Diagram illustrating the communication between two servers.

  • For our code to communicate over TCP, the code must tell the server how to establish the TCP connection and send/receive the data.
  • For our code to communicate over HTTP, the code must establish the HTTP connection and know how to send/receive the data.
  • For our code to communicate over gRPC, the code calls the server function as an extension of its own code. The connection for gRPC is managed outside of the protocol and not necessary to implement the function.

From this example, the greeter server implements the SayHello function but does not call it, and the greeter client calls SayHello without implementing it, all using gRPC.

Using gRPC across different programming languages

gRPC’s generator allows creation of the boilerplate code that implemented our SayHello function in Golang, but gRPC’s generator also includes support for many different languages (see Supported languages and platforms).

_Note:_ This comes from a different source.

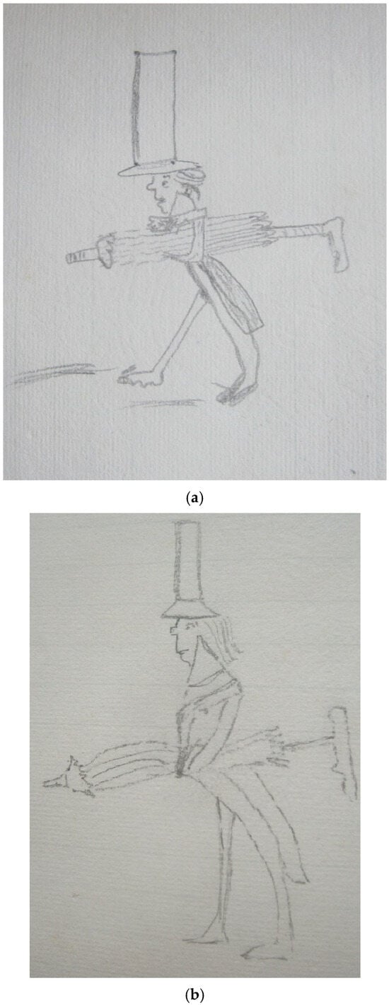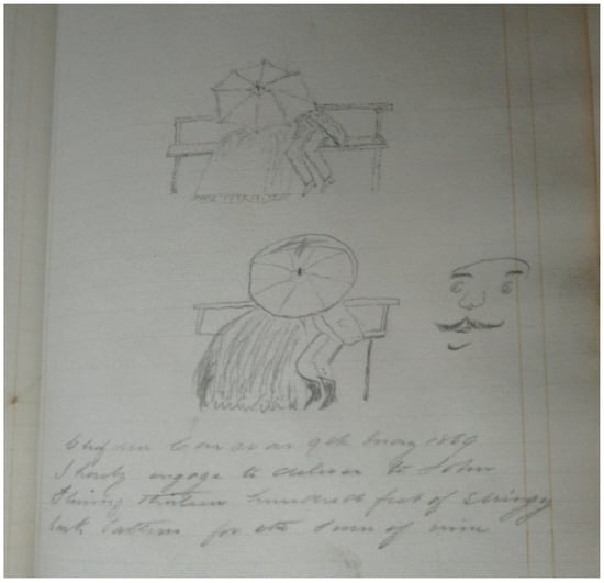 The second kind of pictures are risqué drawings of encounters between a white woman and man. There are two drawings of two separate men, both carrying an umbrella (Figure 5a,b). Their top hats are exaggeratedly tall. They wear different suits, and their shoe soles are different; the sense of accuracy is there again. The drawings may have come from different hands, but one is not a copy of the other because one is landscaped and the other portrait. The faces are similar enough to be a depiction of one man on separate days, but the chin on one of the figures is weaker, despite the nose being similarly rendered. The first carries a large beach-like umbrella high under his arm. The second carries it far lower on his body so it is in the same position as his penis; it stands out from the body, and the end of the umbrella is intricately drawn. Figure 6 is rendered in the same way—two drawings on a page indicating a seated man and woman kissing behind an umbrella. Only the skirt of the woman and the trousers of the man can be seen on the bench; the umbrella hides their identity. This is a secret, illicit relationship. Again, the men are differently dressed by the separate artists, with the first figure wearing a very ill-drawn baggy suit, the second figure wearing trousers and shoes, and the third wearing high black Wellington boots and close-fitting tight pants with buttons on the side, indicating a gentleman squatter. These are in two distinct hands or two styles of drawing. There are two attempts at beginning the umbrella rendition on the first page. The pencil strokes are more ragged in two of the drawings and finer in the third. The skirt of the woman has the same trim in all three pictures—this is a reference to one woman. On the side of the second page is a drawing of a man’s face with an elaborate curled moustache and beard. He looks surprised. Underneath is a handwritten copy of a work agreement from 9 May 1869, which may date the drawings, particularly as it is under the seated couple. It is a clearing agreement with John Fleming for ‘1300 feet of stringy bark for the sum of nine…’ and the copying is abandoned. The inclusion of the copying brings the authority of the father onto the page. But this is juxtaposed with the risqué image of the couple.

The above examples show a Golang implementation of a client. The generator also creates the boilerplate code for implementing the greeter server. The full example is in the grpc-examples repository, but the concept is to create a struct/class that implements our SayHello function as if that function would run locally. This is the greeter server implementation in Go:

type server struct {
    helloworld.UnimplementedGreeterServer
}

func (s *server) SayHello(ctx context.Context, in *helloworld.HelloRequest) (*helloworld.HelloReply, error) {
    log.Printf("Received: %v", in.GetName())
    return &helloworld.HelloReply{Message: "Hello " + in.GetName()}, nil
}

We then create a listener and gRPC server.

func main() {

    lis, _ := net.Listen("tcp", port)
    s := grpc.NewServer()
    pb.RegisterGreeterServer(s, &server{})
    s.Serve(lis)
}

Commonly, separate development teams are responsible for implementing the client and server, and each team may prefer a different programming language. Suppose our client team prefers Python. gRPC’s generator can also generate the class structure in Python, and we simply need to call the function.

with grpc.insecure_channel(endpoint) as channel:
    stub = helloworld_pb2_grpc.GreeterStub(channel)
    response = stub.SayHello(helloworld_pb2.HelloRequest(name="world"))
print("Received from backend: " + response.message)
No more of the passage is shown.